Data analysis foundation Quiz #2: I think we can compare mean and median without precisely calculating the mean

The box plot represents a survey of the ages of students in a Master’s program. We need to compare the median age (Quantity A) to the average age (Quantity B).

if the distribution is skewed (e.g., if there are more older students pulling the average higher), the average could be higher than the median.
The data is somewhat spread out, with a slight indication that the distribution might be skewed right, as the right whisker is longer than the left.
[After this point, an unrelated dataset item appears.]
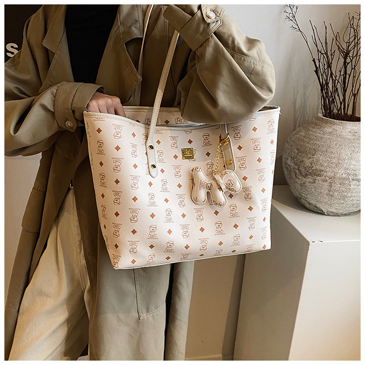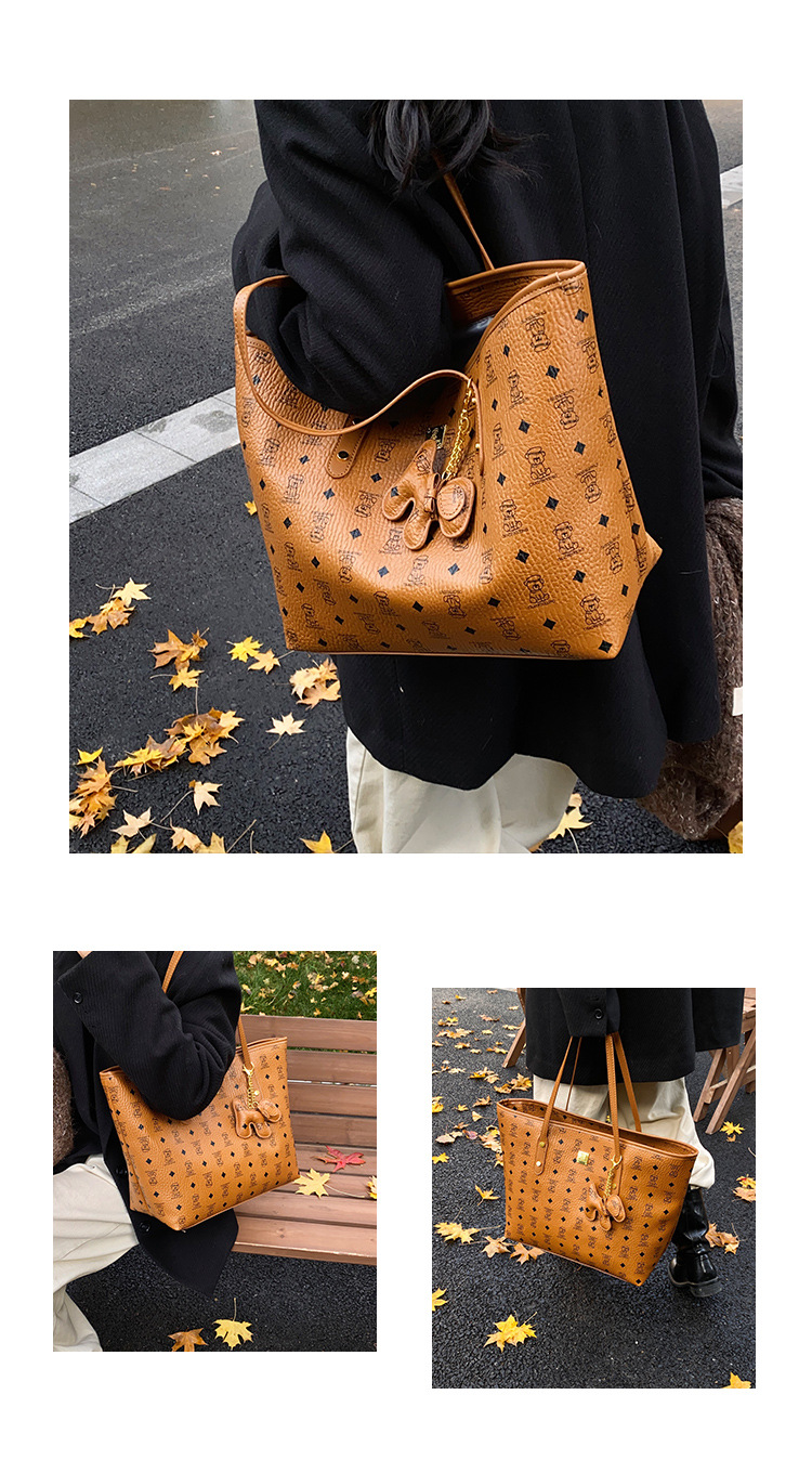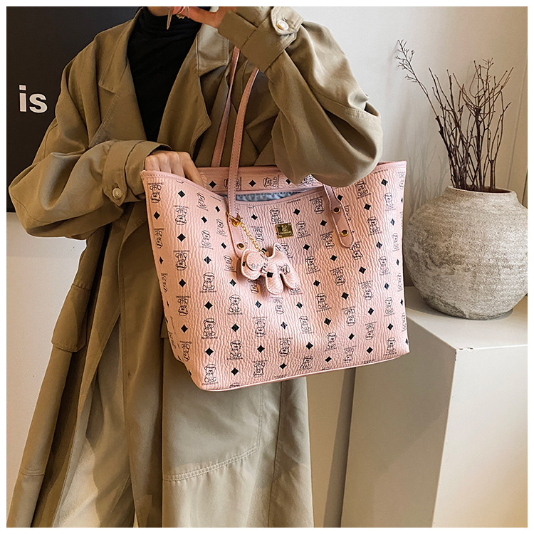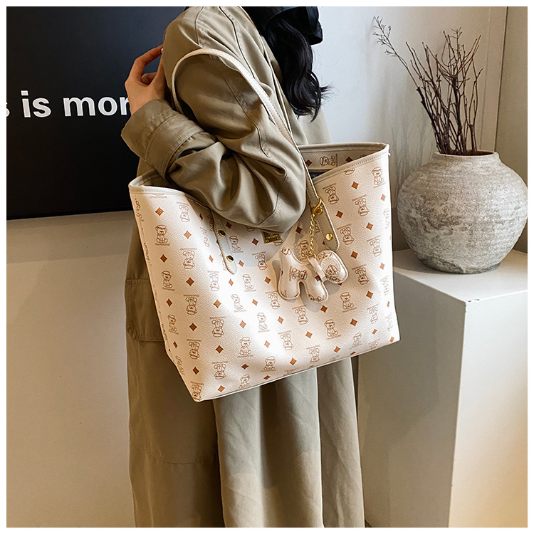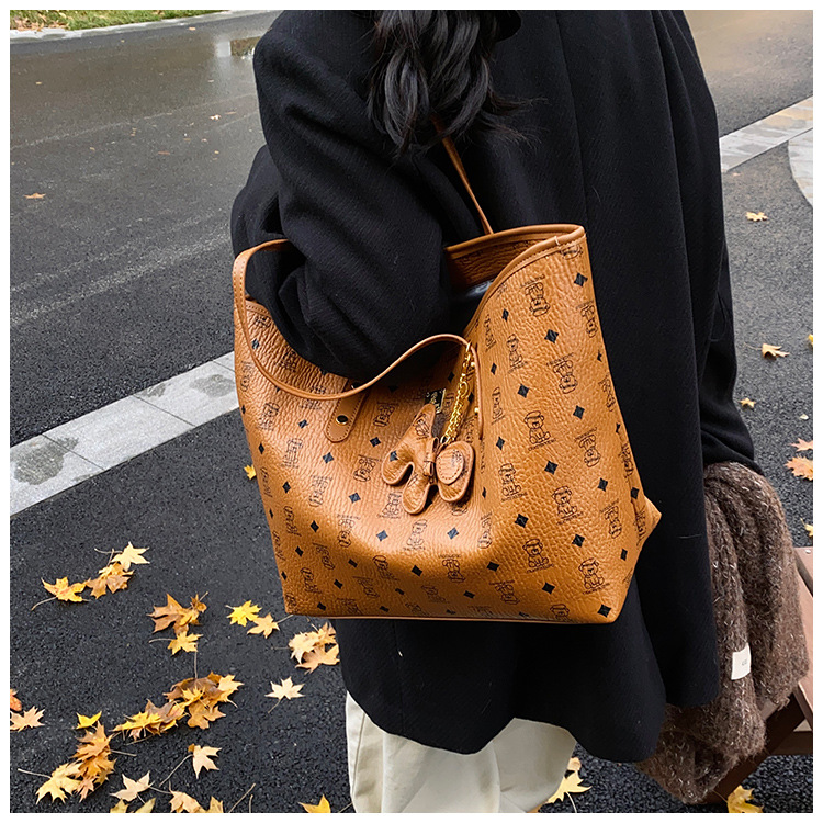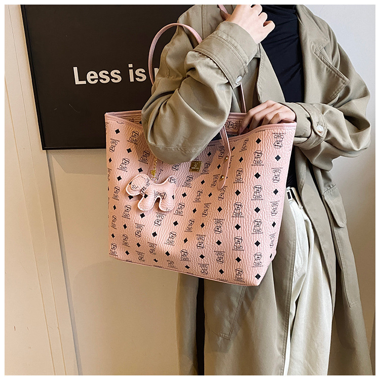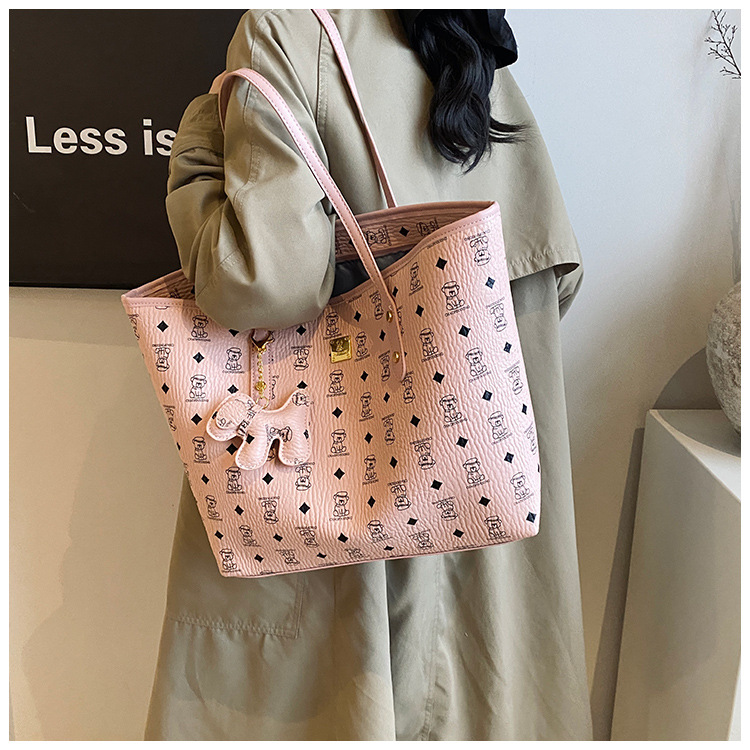 하이 엔드 인쇄 된 토트 백 여성의 2024 새로운 유행 유행 유행 대용량 올 매치 숄더 백 텍스처 토트 백

This suggests that there might be a few older students, which could pull the average above the median.

This makes, Quantity B (average age) is likely greater than Quantity A (median age) and the correct option could be B. Can someone comment on this on where am i wrong? @gregmat @Leaderboard

Look at the definition of a boxplot itself. What can you assume and what can you not?

but here we can infer that the distribution is skewed and majority of data points lie between 27 and 32 making average to be skewed towards right. i do get the point that we cant know the mean precisely but the dstribution makes tha average to higher from the median. What am i getting wrong here? @Leaderboard

That is not a reasonable assumption - you need to be very careful on what you can assume and what you cannot. In fact, you cannot even attribute this to a specific distribution.

Also, please don’t ping people in general.

the provided info might be incorrect or correct, but, can you please provide evidence or first principle thinking on why one can’t?

For one, the boxplot gives little information on density. So it could well be the fact that despite the boxplot looking like the mean > median, we could for instance concentrate just under a quarter of the values approximately at Q_1. This will reduce the mean.

I guess that’s the beauty of quartiles right, we can’t, right?

The count or density has to be capped to the 50th percentile not more than that.

The only thing that worried me is the repetition of same numbers but still that’s been taken care by the size of whiskers.

I might be wrong, pretty novice in these things.

Correct - but the values in between the quartiles can be freely manipulated.